The single tube is freed from air and removed from the rim.To remove the chamber from the tire, you need to carefully tear off the keeper tape glued to it from the tire frame, which closes the butt seam. The tape is torn off the tire in a fairly significant area. Being careful not to cut through the chambers, cut the threads of the butt weld; the incision is made so long that you can freely remove the camera. After that, the edge of the safety tape is undercut so that it is possible to freely remove the camera and repair it.
The damaged fabric of the tire carcass must be sealed during a puncture, since otherwise the thin wall of the chamber, drawn into the puncture hole in contact with the road surface along which the wheel moves, will be pinched or rubbed. The puncture hole in the tire frame is sealed with a piece of bicycle thread from an old single tube; you can also seal the hole with a dense canvas from a parachute or balloon.
The method of sealing a racing tire chamber is the same as the described method of sealing a road chamber, but due to the fact that the thickness of the walls of the chamber and the patch is only about 0.3 mm, and sometimes less, they must be cleaned with fine-grained sandpaper.
After the repair of the tire and the chamber, the latter is inserted into the tire and sewn up end-to-end with a cross seam.

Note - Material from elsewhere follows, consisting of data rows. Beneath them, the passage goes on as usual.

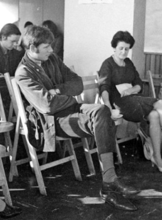 A panel next, Gerry Webb, Jim Linwood, Norman Sherlock, Dick Howett talking about Flying Saucers, a not very promising subject which became very entertaining. Gerry started with calm reason, was opposed, Mike Moorcock as an excellent Chairman managed to keep the audience under control for a short time but was soon overwhelmed. After a discussion en masse and a piece of impassioned rhetoric from Ted Tubb on the state of society, Mike brought the Panel to a disorderly but neat close.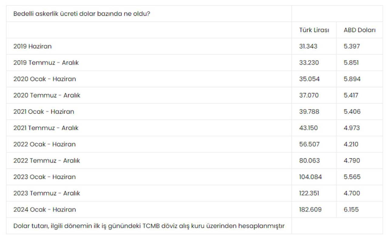 Habertürk'ten Ahmet Kıvanç'ın aktardığına göre, bedelli askerliğin kalıcı hale getirildiği 2019 yılı haziran ayında bedelli askerlik ücreti 31.343 TL idi ve 5.397 dolara karşılık geliyordu. Bedelli askerlik ücreti temmuz ayında 5.851 dolara, 2020 yılı ocak ayında ise 5.894 dolara yükseldi. İzleyen dönemlerde düşmeye başladı ve 2020 temmuz ayında 5.417 dolara, 2021 ocak ayında 5.406 dolara, temmuz ayında 4.973 dolara, 2022 ocak ayında 4.210 dolara gerileyerek dip seviyeyi gördü. 2022 temmuz ayında 4.790 dolar, 2023 ocak ayında 5.565 dolar, temmuz ayında 4.700 dolar oldu. Bu yılın ocak ayında ise 6.155 dolar ile dolar bazında beş yılın en yüksek seviyesine çıktı.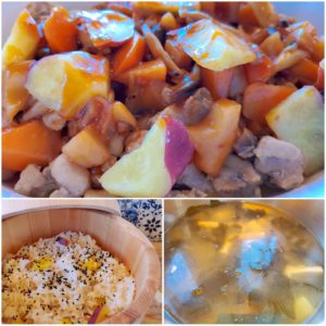 ☆さつま芋ご飯(玄米入り)☆豆腐とわかめの味噌汁☆秋野菜の鶏肉の炒め物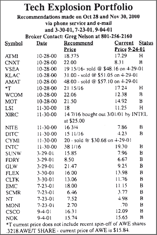 October - November 2001 "New Buy Recommendations - Tech Explosion Portfolio" _________________ back to NEWSLETTER |
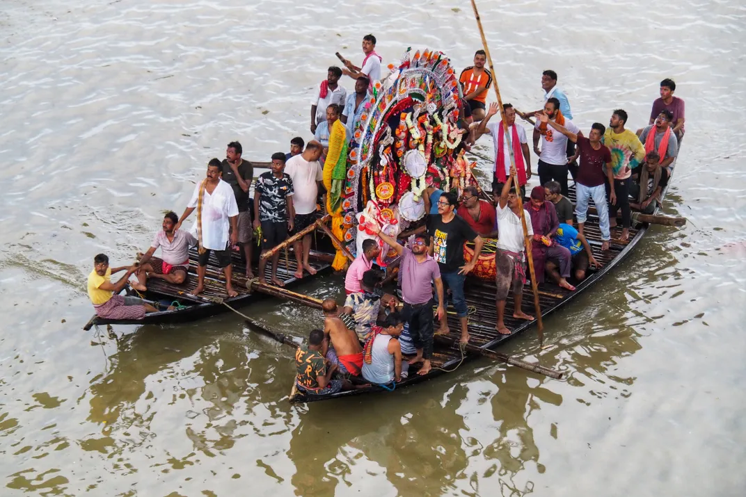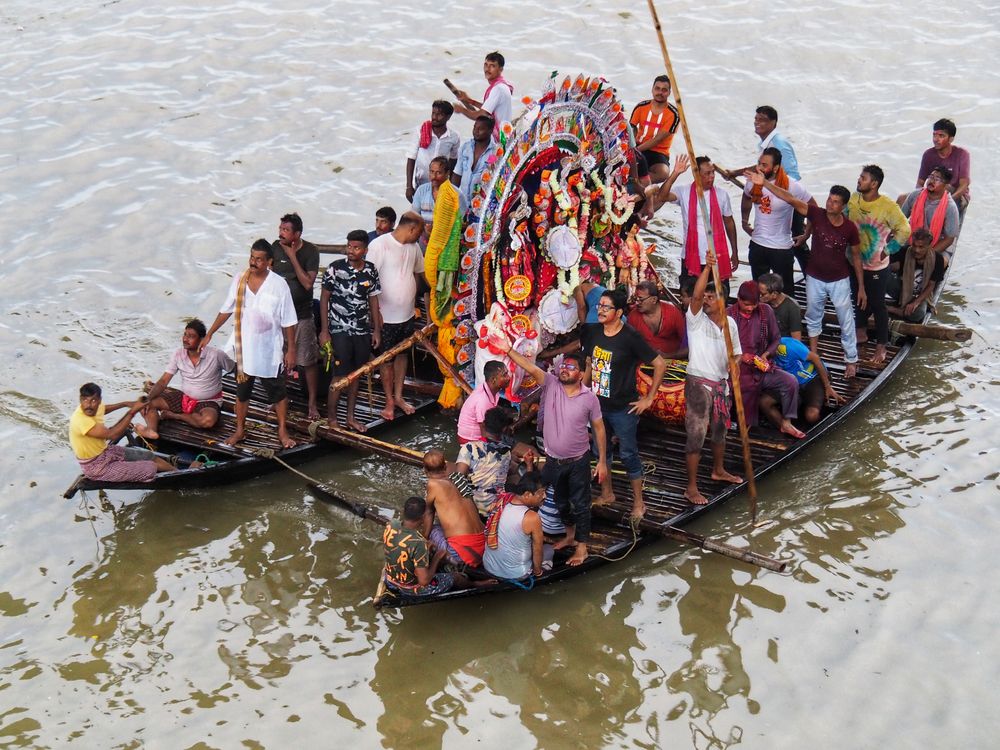 This shot was taken from a bridge to show the immersion procession of Goddess Durga.

The crosslinking process is shown in Fig. 69. Then the seam is sealed with a keeper tape.
If it is necessary to strengthen the tread, a rubber strip 22–24 mm wide and equal to the circumference of the wheel, cut from a piece of rubber or from a road tire chamber, is glued to its surface. The strip, before sticking, is cleaned on one side, and then coated several times with rubber glue.
Video (click to play).
The protector is also cleaned and lubricated with glue. After the last applied layer of rubber adhesive has dried, the rubber strip is stuck on. When sticking, the strip cannot be pulled, otherwise the single-tube removed from the rim will sharply shorten in length and the tire frame will be covered with many folds, which adversely affects its safety.